When the operation finishes, we query the /invocations/resource1 and /invocations/resource2 to retrieve the details of those calls to stubby so that we can verify they contained the expected data in each batched call.

One thing I don't particularly like about my solution is that these invocations are kept in-memory, and are never cleaned up. I suppose it's not a major concern for us as we start-up and tear-down an instance of stubby for each test suite so it's never a long-lived process. Perhaps, this could be more detrimental for other users.

I like the idea of logging to yaml files instead of (or in addition to in-memory) because as you said, we then wouldn't need to go through another admin web interface to get it and could just parse the files (grep, tail, etc.) directly. It probably wouldn't be very difficult to make both the in-memory and yaml files logging turned on based on a config flag (or command line arg).

I'll try to work on this in the next few days, as well as indenting with spaces, cleaning up the using lines, and adding the README.md section with a description.

gregkowalski avatar Aug 08 '14 05:08 gregkowalski

Thanks for the diagram. Very informative.

Do you use the HTTP interface for the admin portal or the programmatic calls? Do you do assertions on specific properties of the invocation or just that it occured x times?

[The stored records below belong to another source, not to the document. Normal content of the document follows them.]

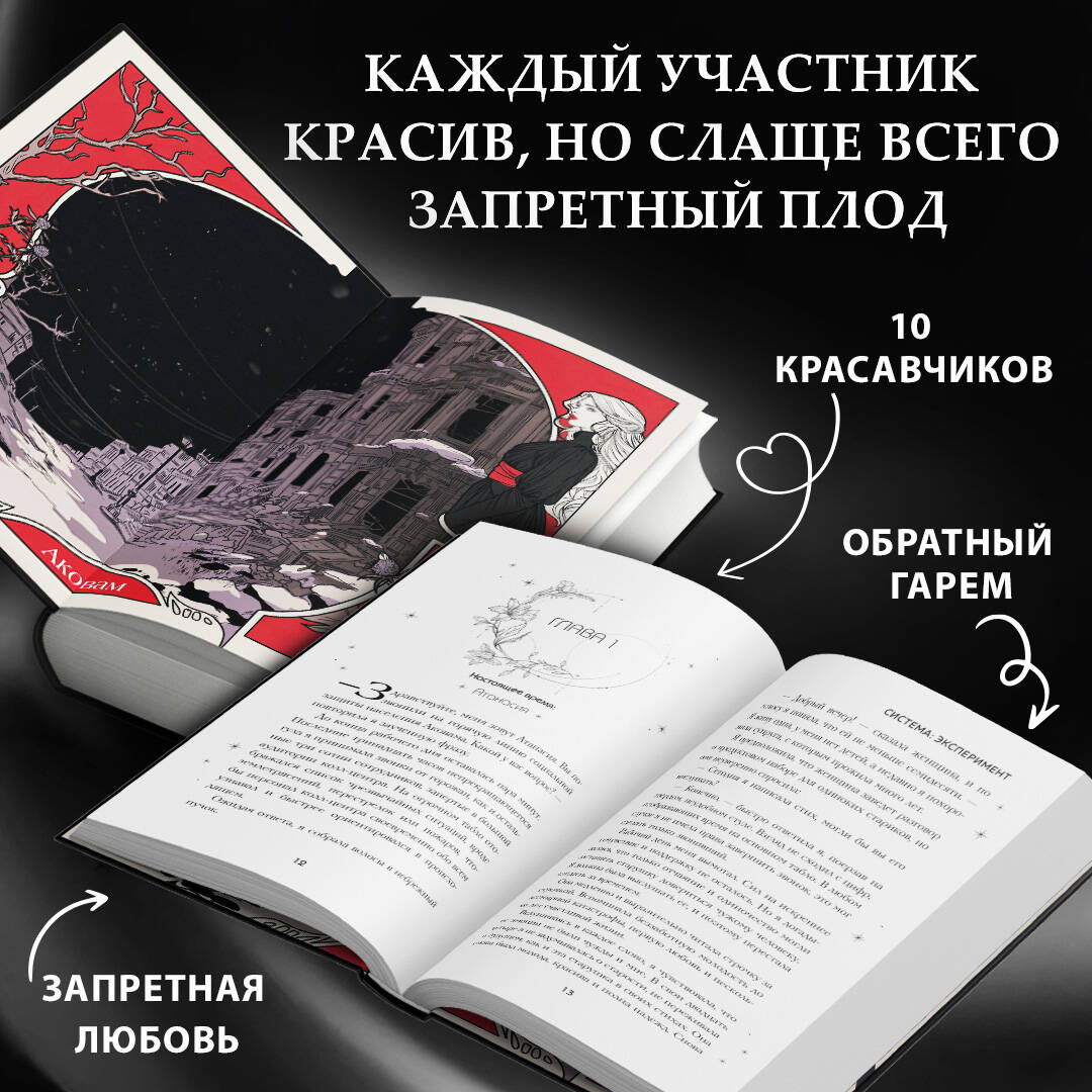 Притягательная история о девушке, которая становится участницей таинственного любовного эксперимента! Ей предстоит завоевать одного из десяти красавчиков. Но ее телохранитель, отношения с которым запрещены, заставит трепетать не только сердце героини, но и ваше! Внутри книги вас ждет: необычный авторский мир, фэнтези с перчинкой, обратный гарем, запретная любовь и головокружительные приключения! Система: «Эксперимент - это если бы в "Голодных играх" главным призом была любовь!» Внутри вы найдете бонусные главы от Сии Тони, которые написаны специально для бумажного издания, а также цветные форзацы. Кроме того, в каждом экземпляре вас ждет открытка с артом и пожеланием от автора! Обложка от иллюстратора Sonya Karpi.
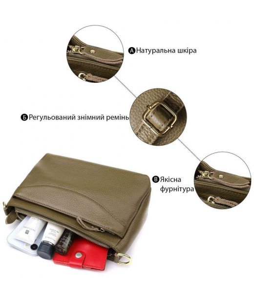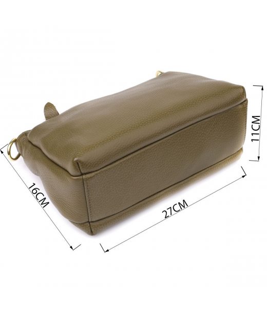 Эта оливковая кожаная сумка с формоустойчивым дном — идеальный выбор для женщины, которая ценит гармонию стиля, функциональности и качества.
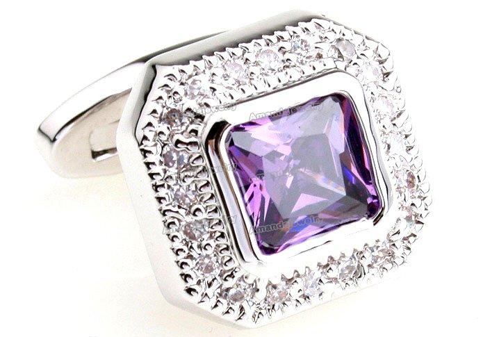 Diamond Silver With Purple Gem Stainless Steel Jewelry |
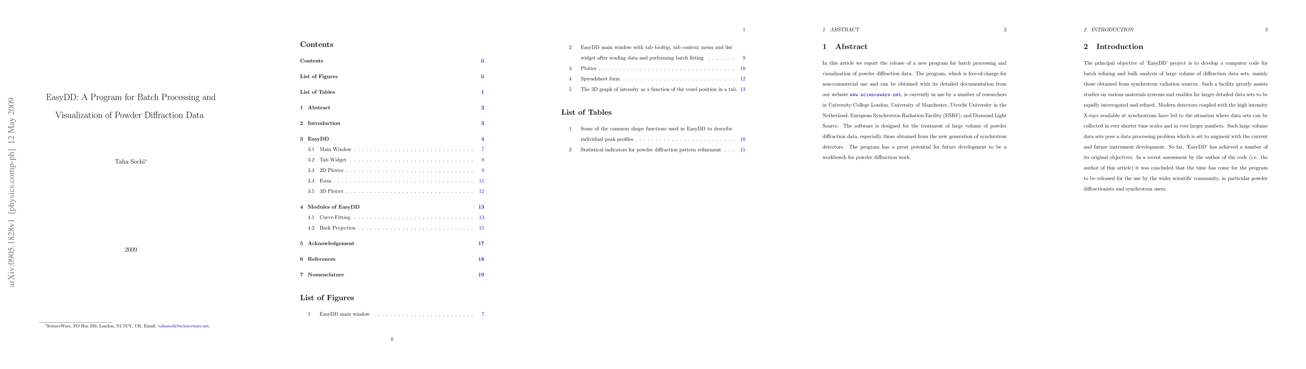 EasyDD is a free-of-charge program for batch processing and visualization of powder diffraction data, currently utilized by several research institutions. It is designed to handle large volumes of data from modern synchrotron detectors, with potential for future enhancements as a comprehensive workbench for powder diffraction analysis.

mrak avatar Aug 08 '14 18:08 mrak

At the moment, we use the HTTP interface for the admin portal but since we are hosting stubby within the testing assembly, we could switch to the programmatic calls very easily (and it probably would make things more efficient).

We do assertions on properties of the invocation, and more specifically we verify that each invocation contained the correct data in the payload.

gregkowalski avatar Aug 08 '14 20:08 gregkowalski

Just created an issue #12 without seeing there was a pullrequest already for that. I really need that feature for our tests as well. Any updates?

sledoux avatar Aug 15 '16 15:08 sledoux

As it stands now the changes are quite difficult to read at a glance, as all of the formatting and whitespace was changed. Matching these with the original project will make review much easier.

A README change that describes the use of this feature in the same style as the existing documentation would also help.

The feature is a good one, but this PR is not easy to review or audit, so it dropped off of my radar as my life outside of open source has gotten busier.